DePaul University College of Law’s intellectual property law program is ranked No. 12 in U.S. News & World Report’s 2015 Best Law Schools guide. The program has ranked among the best in the nation for more than a decade and continues to thrive under the direction of DePaul’s respected IP faculty and the Center for Intellectual Property Law & Information Technology (CIPLIT®).
Two new initiatives, a first-year lecture series and a mentorship program, introduced by CIPLIT in academic year 2013-2014, build on the strength of DePaul’s IP program and support a tradition of student-focused programming.
The six-week lecture series, “An Introduction to IP Theory and Practice,” is designed to acquaint first-year law students interested in IP law with substantive content and elements of practice. Both full-time faculty members and experienced IP attorneys lecture on various IP subjects, introducing students to the breadth and depth of this area of law.
“It’s really a treat to attend the IP lecture series. The speakers are experts in their respective fields, and each session is informative and engaging,” student Peggy Liu said. “Equipped with this foundational knowledge, I feel well prepared to take on the challenges of higher-level IP courses.”
First-year student Philipp Ruben entered law school with an engineering background. “Law school was a major transition,” he said. “My faculty mentor provided excellent resources and advice for my course work. My attorney mentor helped define my focus within IP law and opened the door to several networking opportunities.”
The mentorship program aims to enrich DePaul’s unique first-year IP Legal Writing program, through which qualified students learn the required first-year research and writing skills curriculum in the context of intellectual property law. Together, the legal writing and mentorship programs offer students focused practical skills training as well as invaluable connections with IP faculty and the IP legal community at the beginning of law school.
“My attorney mentor has been invaluable during my first year,” said student Brittney Cato. “She has not only introduced me to attorneys working in the IP field, but has also encouraged me to go out and make connections on my own by joining bar associations and attending their lectures.”
The new initiatives fall in line with CIPLIT’s mission “to develop IP professionals of the highest caliber through an all-inclusive learning experience that combines outstanding classroom education, innovative scholarship, first-class training in lawyering skills and an unparalleled range of extracurricular activities.” Keeping this charge in sight, CIPLIT has created curricular and extracurricular programs that not only garner national recognition from legal and academic communities, but also enhance students’ career development.
“Since its inception, CIPLIT has placed dozens of students in IP jobs, in some instances right after the first year of law school,” said Professor Roberta R. Kwall, the founding and current director of CIPLIT. “Many of our early students now occupy prominent positions within their firms and organizations. We find it so gratifying that all of them got their start at DePaul, where they could learn and grow in a supportive yet academically rigorous environment.”
The supportive law school environment that Professor Kwall mentions is a contributing factor to the IP program’s success and expansion. In fact, it has acted as an incubator for many programs over the years.

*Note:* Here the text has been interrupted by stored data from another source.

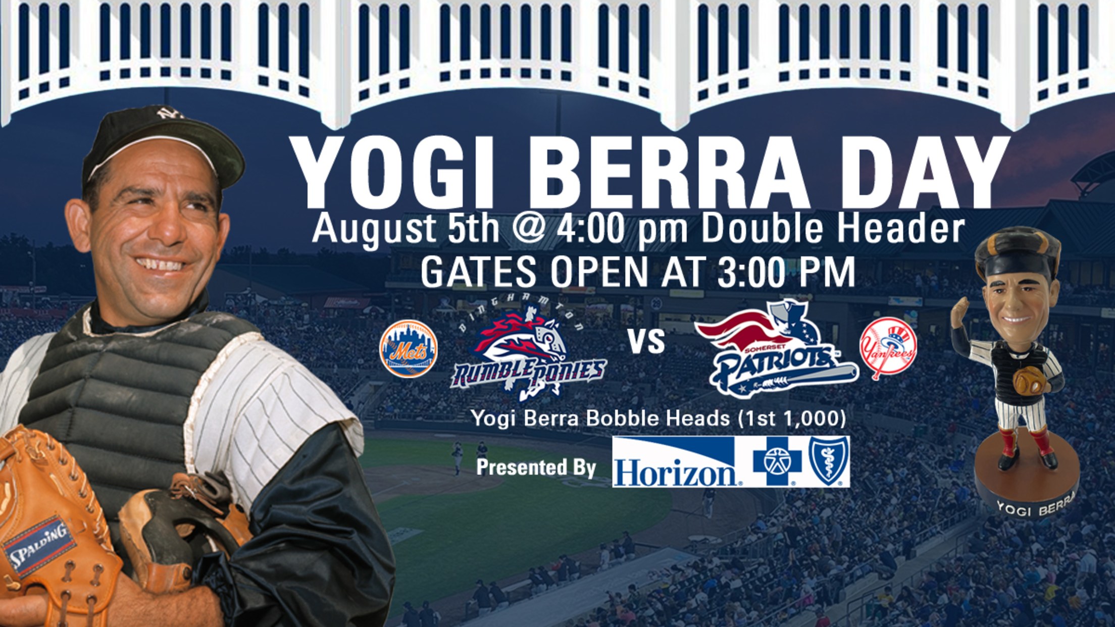 The first 1,000 fans in attendance will receive a Yogi Berra Bobblehead Doll courtesy of Horizon Blue Cross Blue Shield of New Jersey. Due to Thursday night's suspended game, there will now be a single admission double header beginning at 4:00 pm. Gates open at 3:00 pm for the Patriots’ games versus the Binghamton Rumble Ponies (New York Mets). The bobblehead distribution will now begin at 3:00 pm!!!
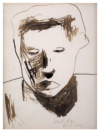 PERICLE FAZZINI Ritratto di uomo, 1934 China acquarellata su carta, 26 x 20 cm circa Firma, luogo e data in basso a destra: Pericle Fazzini Roma 1934
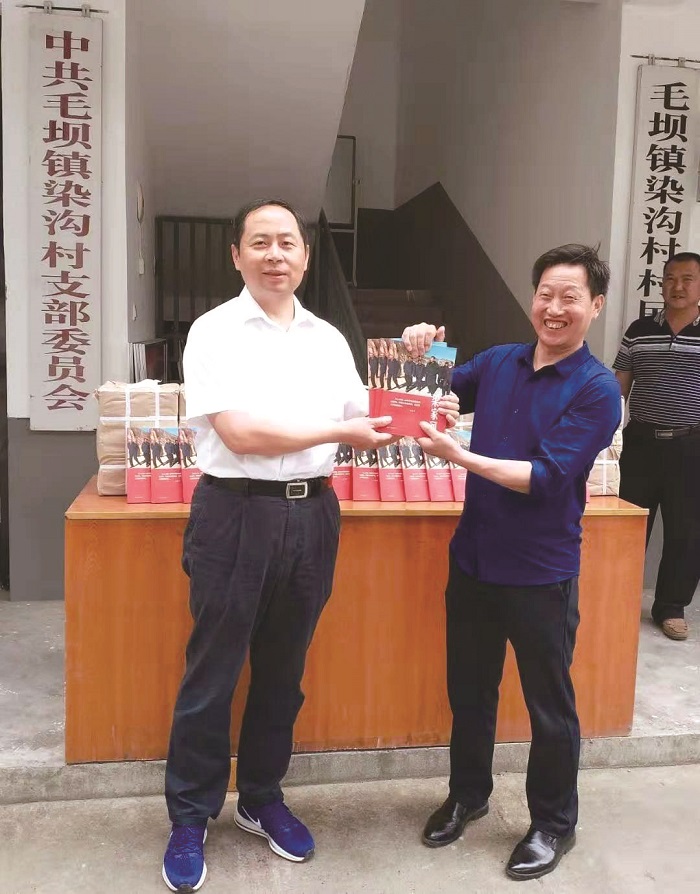 2018年10月17日,是全國第五個“扶貧日”。省作協機關干部一行十余人赴染溝村開展“扶貧潤心,你我同行”聯戶扶貧工作,走村入戶,與村民交談,發揮扶智扶志的獨特作用,引導廣大貧困群眾自強自立,戰勝困難。他們還為毛壩鎮、染溝村捐贈紀實文學《梁家河》及辦公電腦等,向毛壩中學贈送圖書300余冊,舉行小小作家班開班儀式,鼓勵少年兒童熱愛文學、立志成才。
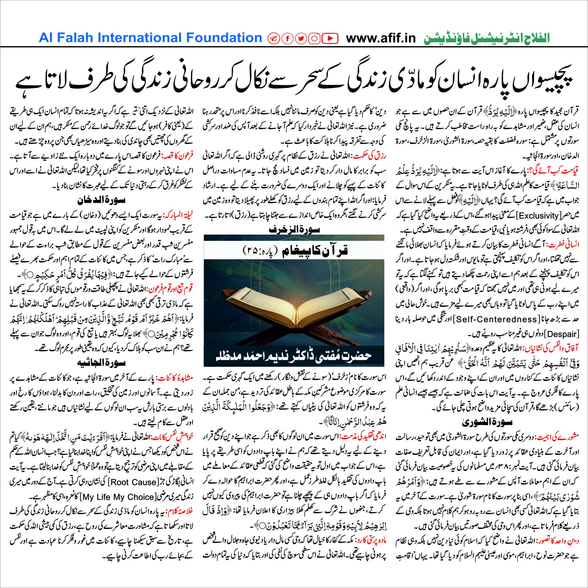 Home Dept of Islamic Studies Articles پچیسواں پارہ انسان کو مادّی زندگی کے سحر سے نکال کر روحانی...
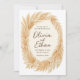 Convite de casamento boho caloroso com grama pampas, folhas de palmeira secas e tons terracota. Moldura floral circular com nomes em caligrafia e texto minimalista para um casamento inspirado no deserto.
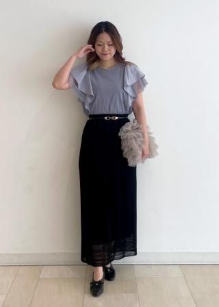 低身長の方、ウエストをスッキリ見せたい方はカットソーのみをインするとスッキリ感が出て◎
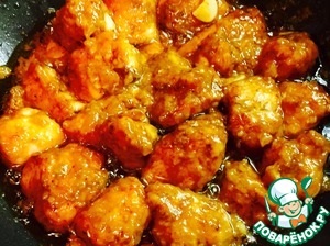 Убавить огонь до среднего и потушить, постоянно помешивая минут 5-7. Соус быстро густеет, филе получается "в глазури"
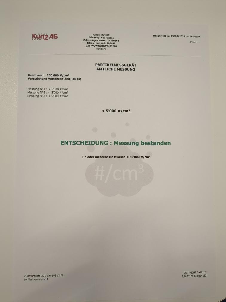 Dieselpartikelfiltertest wurde erfolgreich durchgeführt (Schriftlicher Ausdruck ist vorhanden).
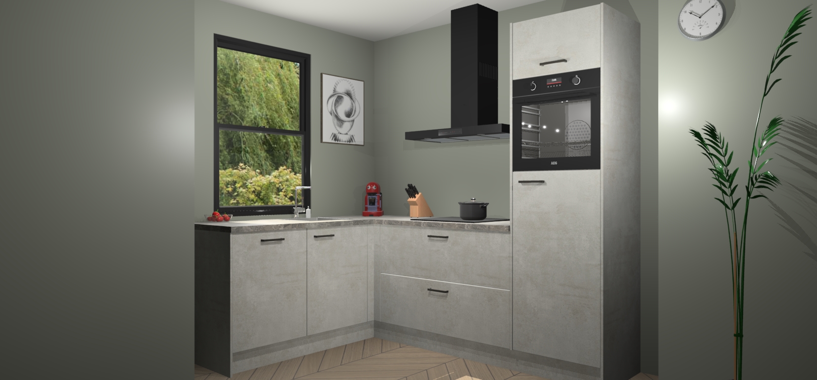 Deze prachtige hoekkeuken heeft alle benodigdheden om uw droomkook- en eetruimte compleet te maken. De Beton Opaal kasten bieden een echo van raffinement, terwijl de 5 inbouwapparaten genoeg opties bieden voor het bereiden van heerlijke maaltijden. De oven, inductiekookplaat, afzuigkap, vaatwasser en koelkast zorgen ervoor dat u tijd in de keuken zo efficiënt mogelijk verloopt, terwijl ze ook dat extra vleugje luxe bieden.

One such program is the technology and intellectual property clinic that DePaul opened under the guidance of Professor Barbara Bressler in 2000. The TIP ClinicTM, as it is known, was one of the first law school clinical programs to provide transactional services exclusively in the areas of patent, trademark and copyright law to clients who cannot afford to pay private counsel for such services. Following the clinic’s mantra, Protecting the Creative Works of Creative Minds®, students assist a wide range of clients, including entrepreneurs, musicians, artists, authors and inventors.
Today, IP touches nearly every area of the legal curriculum. Students learn first-hand—through traditional classroom theory and practical skills training—from leading scholars and practitioners in areas that include patent law, copyright and trademark law, art and museum law, entertainment law, cyberlaw and more. In addition to the first-year programs and the clinic, DePaul offers four specialized certificate programs, a joint degree and an LLM degree in IP law.
With its broad and innovative coursework, student-centric programs and respected faculty, DePaul is certain to advance IP legal education for years to come.